By now the whole world knows that kids learn languages faster, or better, or more fully than adults do. Or at least they think they know that. I’m still not entirely convinced, myself. It’s pretty hard to test the hypothesis in a principled way. Childhood and adult acquisition of second languages follow totally different processes, and I don’t mean that in a high-minded, theoretical sense. I mean that the specific life circumstances are so wildly different that the comparison seems almost silly. If you want to see if kids are really better at learning languages than adults, you’d need to put a 30-year-old man in kindergarten and have him hang around with 6-year-olds and loving caregivers all day; then you’d need to saddle a six-year-old with a mortgage, two kids, a spouse, and a joyless salaried position working unpaid overtime and washing his brain with barley and hops every evening to unwind.

So just from the outset, let’s say that I’m a bit skeptical about a model that sets out to “account for age-related limits on the ability to produce L2 vowels and consonants in a native-like fashion” (p.237). I don’t think Flege is wrong, of course—that’d be a mighty bold claim coming from a first-year doctoral student. I just don’t think we’re at the point where we can really make a good working model of age differences in acquisition, because we simply can’t factor out all the enumerable other factors, like learning environment, motivations, time constraints, and so on. It’s would be an ambitious project even now, but this paper came out twenty years ago. As a guiding framework, I think SLM does a lot of good things.

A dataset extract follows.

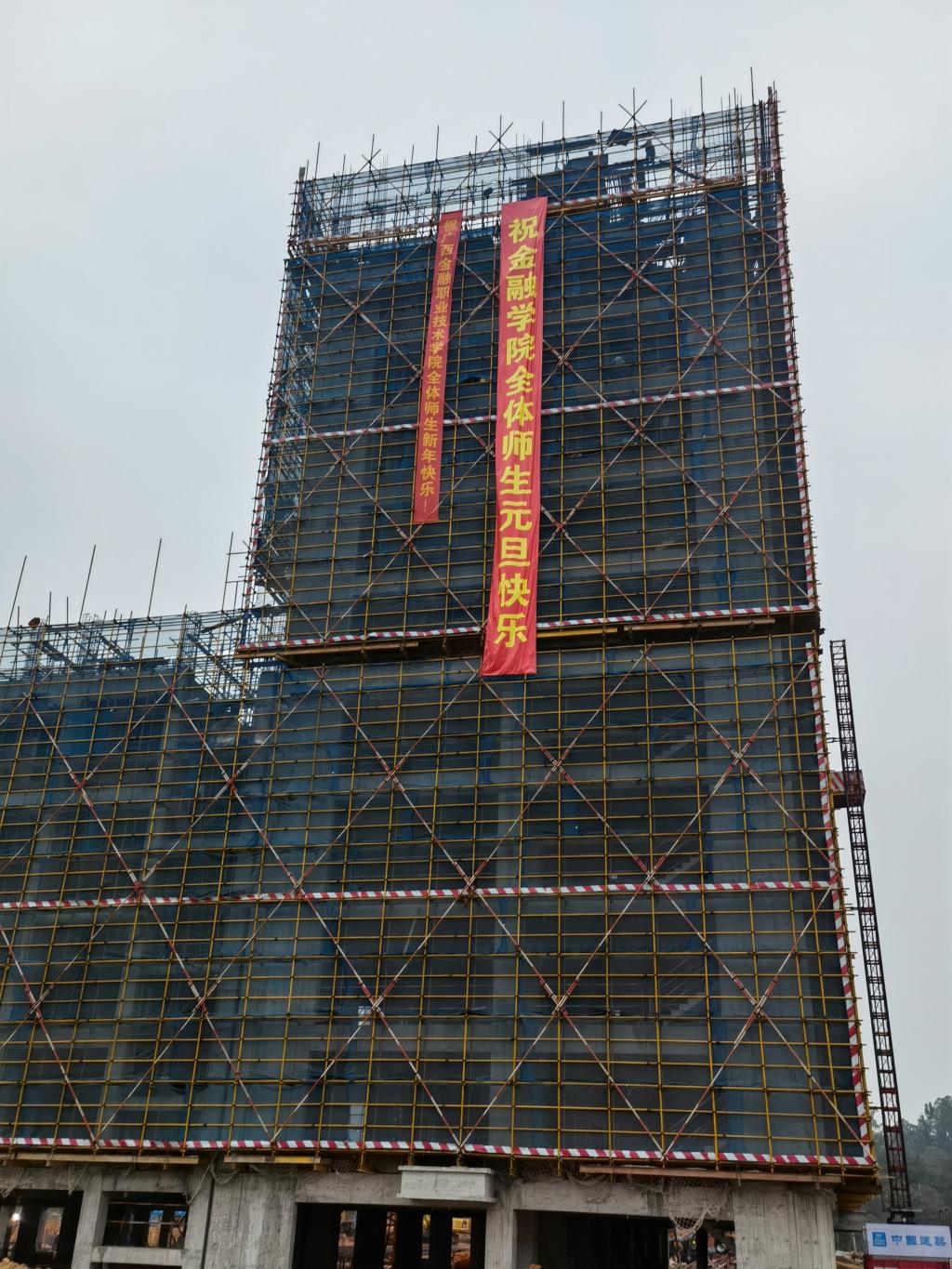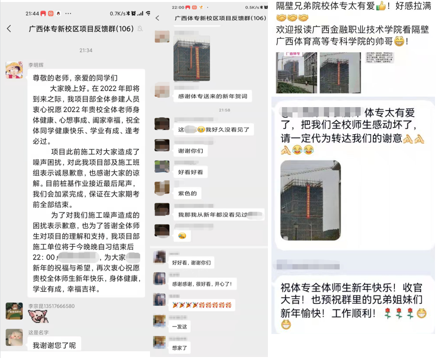 2021年12月31日,项目桩基作业接近尾声之际,在辞旧迎新之时,爱体育电子官方网站相思湖校区项目施工单位及劳务班组分别在项目最高建筑行政办公楼西侧悬挂巨型新年横幅,感谢金职院全体师生对项目的理解和支持,并送上诚挚的新年祝福。金职院师生也纷纷在社交媒体上称赞和表示感谢,感谢体专项目在冬季严寒中送来的温馨。

Even if none of its predictions turns out to be completely accurate, it still charts out the territory a bit, ties the threads of disparate research together, and motivates new research.


Let’s dig into the real nuts and bolts of the model. The table on p. 239 gives a quick rundown of SLM, enumerating four postulates and eight hypotheses that follow from them. The rest of the paper goes about backing up those statements, pretty meticulously, with research on all kinds of topics in second language phonology. I don’t really want to test the mettle of York Press’ legal team, so I won’t reprint the table here, but you can get the paper from Jim Flege’s web page.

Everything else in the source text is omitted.